Outlet opening (24) of the mixing device (16) between 1 and 500 mm, preferably between 20 and 300 mm.

1 1. Apparatus according to claim 9 or 10, characterized in that from the nozzle opening (23) of the nozzle (19) outgoing flotation foam jet (8) and of the outlet opening (24) of the mixing device (16) outgoing

Pulp suspension gas mixture jet (2) are aligned in parallel.

12. The device according to claim 9 or 10, characterized in that of the nozzle opening (23) of the nozzle (19) outgoing flotation foam jet (8) and of the outlet opening (24) of the mixing device (16) outgoing

Pulp suspension gas mixture jet (2) intersect.

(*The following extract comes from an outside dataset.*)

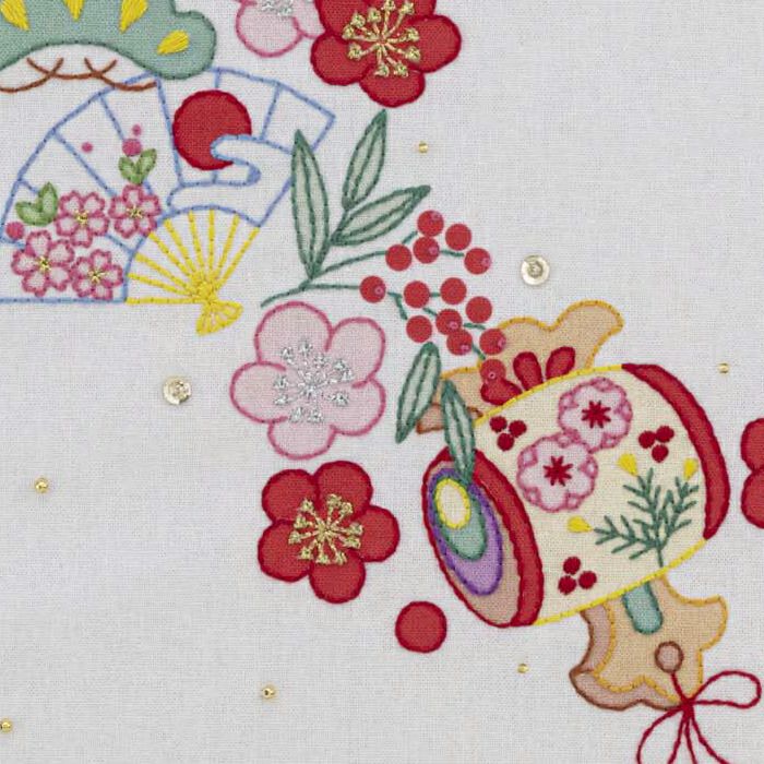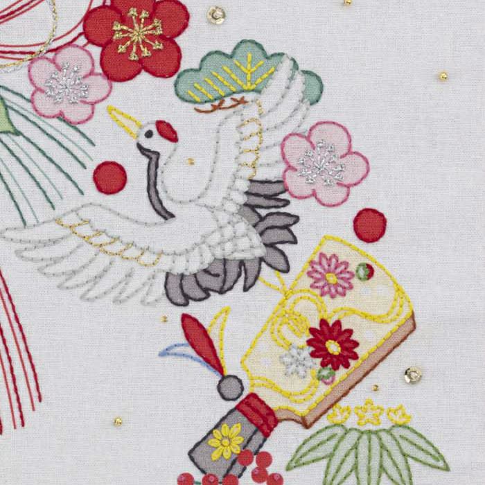 鶴亀、小づち、松竹梅など、新年に飾りたいモチーフをリース状に配置したおめでた尽くしのステッチクロス。色印刷に刺しゅうを加え、ビーズやスパンコールをトッピングして仕上げます。

13. Device according to one of claims 9 to 12, characterized in that the nozzle (19) is attached to the mixing device (16).

14. Device according to one of claims 9 to 13, characterized in that the nozzle (19) a Flotationsschaumstrahl (8) on a baffle plate (20), which is preferably arranged above the outlet opening of the mixing device (16).

15. Device according to one of claims 9 to 14, characterized in that in the flow direction in front of the nozzle (19) a mixing unit (25) is present, which the flotation foam (4) gas (9) admixed.